Data to process: Begin

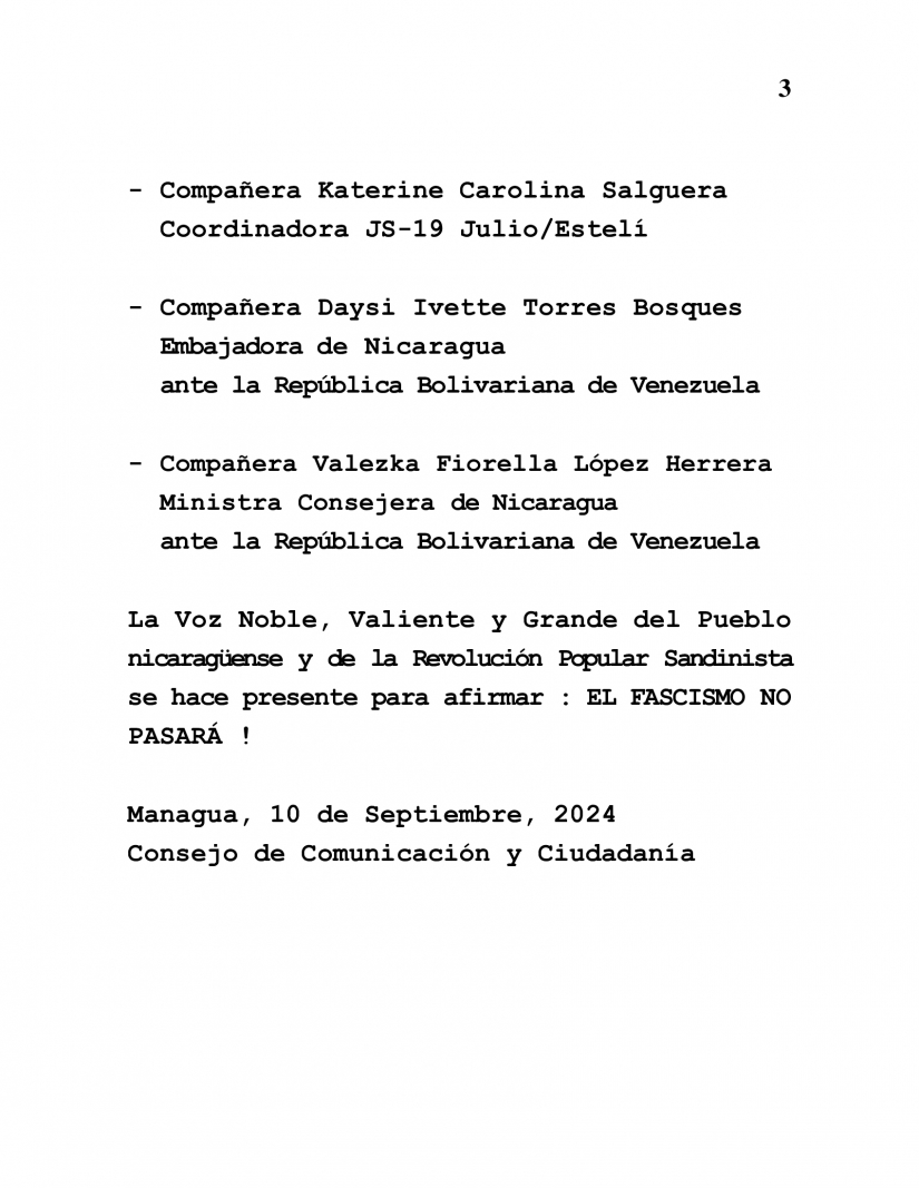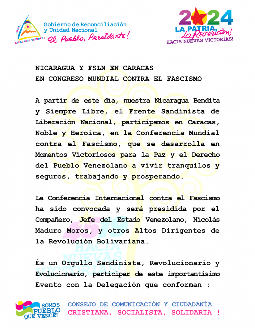 A partir de este día, nuestra Nicaragua Bendita y Siempre Libre, el Frente Sandinista de Liberación Nacional, participamos en Caracas, Noble y Heroica, en la Conferencia Mundial contra el Fascismo, que se desarrolla en Momentos Victoriosos para la Paz y el Derecho del Pueblo Venezolano a vivir tranquilos y seguros, trabajando y prosperando.
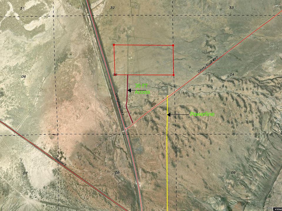 BLM land borders along the property east boundary there are no utilities and no fenced in borders currently. Resources in Rawlins, Wyoming are 16 miles south and access is ideal just off the County Rd. 487 which connects directly to Highway 287. Building in Carbon County RAM Zone is primarily agriculture / mining and has restrictions as to what is built in the zone, you can contact the zoning office at 307-328-2651 Nice level easy to get to lot with no covenants and 30ft easement on driveway to property. Powerline less than 1/4 mile but currently not energized.
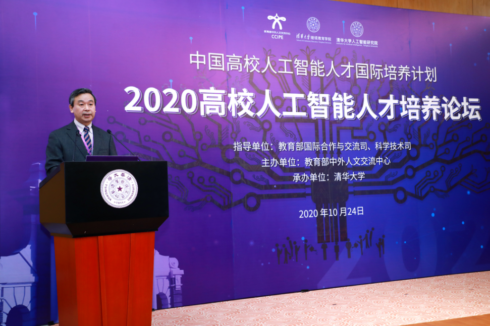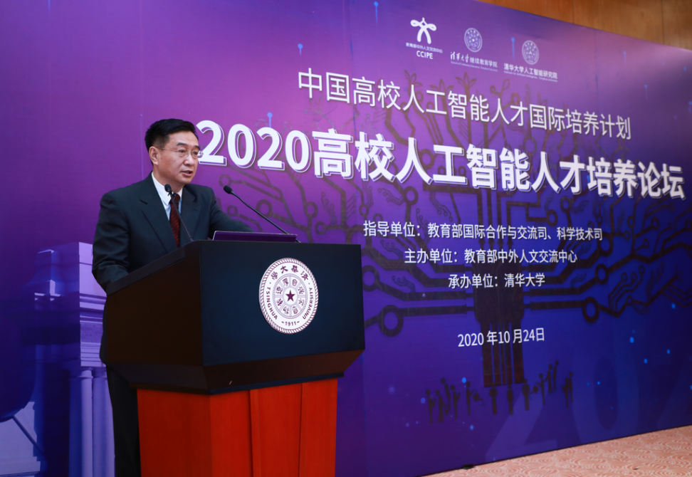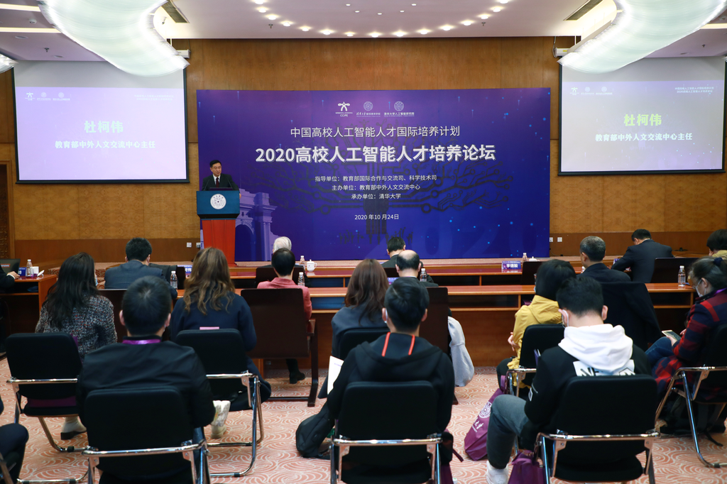 mk(中国)网10月27日电 10月24日,由教育部中外人文交流中心主办、mk手机注册承办的“中国高校人工智能人才国际培养计划”2020高校人工智能人才培养论坛在mk手机注册举办。教育部国际司副司长徐永吉,教育部中外人文交流中心主任杜柯伟,mk手机注册副校长杨斌出席论坛开幕式并致辞。教育部高教司理工处处长高东锋,北京市人才工作局副局长刘敏华,高等教育出版社工科事业部主任、信息技术新工科产学研联盟执行秘书长张龙,北京海外学人中心副主任蔡鑫等特邀嘉宾出席了论坛。
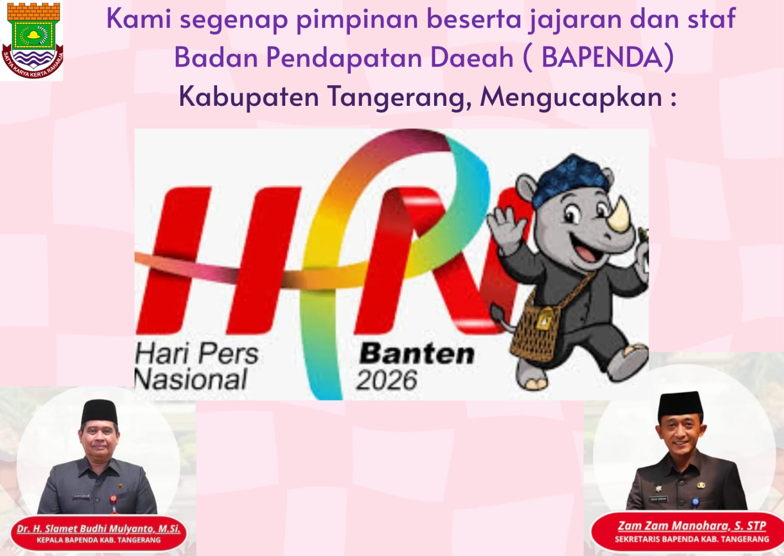 Kami Segenap Keluarga Besar Pimpinan Beserta Jajaran dan Staf : Badan Pendapatan Daerah ( BAPENDA ) Kabupaten Tangerang, Mengucapkan : ” Selamat Hari Pers Nasional ( HPN ) 09 Februari 2026, Semoga Insan Pers Selalu Menjunjung Tinggi Etika Jurnalistik dan Tetap Menjadi Garda Terdepan Dalam Menyampaikan Informasi. “
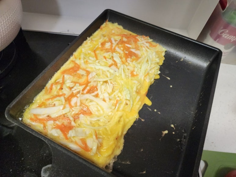 양배추는 채썰어서. 계란 지단물에 섞어서 사용. (당근도 있다면 채썰어 같이 넣고 계란지단 만들면 굿굿)
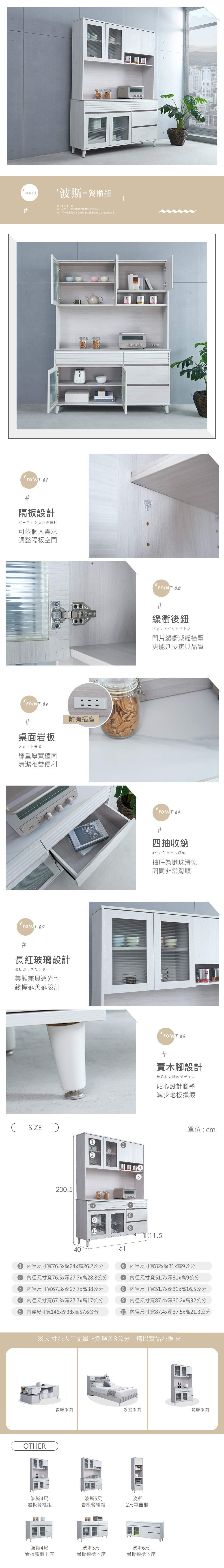 【時尚屋】[GZ13]波斯5尺岩板餐櫃組,色系橡木白色為主,點綴廚房視覺空間美感,材質上採用木心板、緩衝後鈕、鋼珠滑軌、ABS封邊、桌面岩板、實木腳等,均高於市場之產品規格,品質絕對有保證!此餐櫃在收納空間上採四抽+雙開門,絕對可滿足您對收納的需求,相當於收納櫃之功能!有了他絕對可以讓您煥然一新!時尚屋帶給您對家具時尚新品味。

Data to process: End

Exercise requirements:
Repeat word for word the lines beginning at the one with "mk(中国)网10月27日电" and ending at the final line of the records above, both included, and no others. Leave the pictures out.

Solution to this exercise:
 mk(中国)网10月27日电 10月24日,由教育部中外人文交流中心主办、mk手机注册承办的“中国高校人工智能人才国际培养计划”2020高校人工智能人才培养论坛在mk手机注册举办。教育部国际司副司长徐永吉,教育部中外人文交流中心主任杜柯伟,mk手机注册副校长杨斌出席论坛开幕式并致辞。教育部高教司理工处处长高东锋,北京市人才工作局副局长刘敏华,高等教育出版社工科事业部主任、信息技术新工科产学研联盟执行秘书长张龙,北京海外学人中心副主任蔡鑫等特邀嘉宾出席了论坛。
 Kami Segenap Keluarga Besar Pimpinan Beserta Jajaran dan Staf : Badan Pendapatan Daerah ( BAPENDA ) Kabupaten Tangerang, Mengucapkan : ” Selamat Hari Pers Nasional ( HPN ) 09 Februari 2026, Semoga Insan Pers Selalu Menjunjung Tinggi Etika Jurnalistik dan Tetap Menjadi Garda Terdepan Dalam Menyampaikan Informasi. “
 양배추는 채썰어서. 계란 지단물에 섞어서 사용. (당근도 있다면 채썰어 같이 넣고 계란지단 만들면 굿굿)
 【時尚屋】[GZ13]波斯5尺岩板餐櫃組,色系橡木白色為主,點綴廚房視覺空間美感,材質上採用木心板、緩衝後鈕、鋼珠滑軌、ABS封邊、桌面岩板、實木腳等,均高於市場之產品規格,品質絕對有保證!此餐櫃在收納空間上採四抽+雙開門,絕對可滿足您對收納的需求,相當於收納櫃之功能!有了他絕對可以讓您煥然一新!時尚屋帶給您對家具時尚新品味。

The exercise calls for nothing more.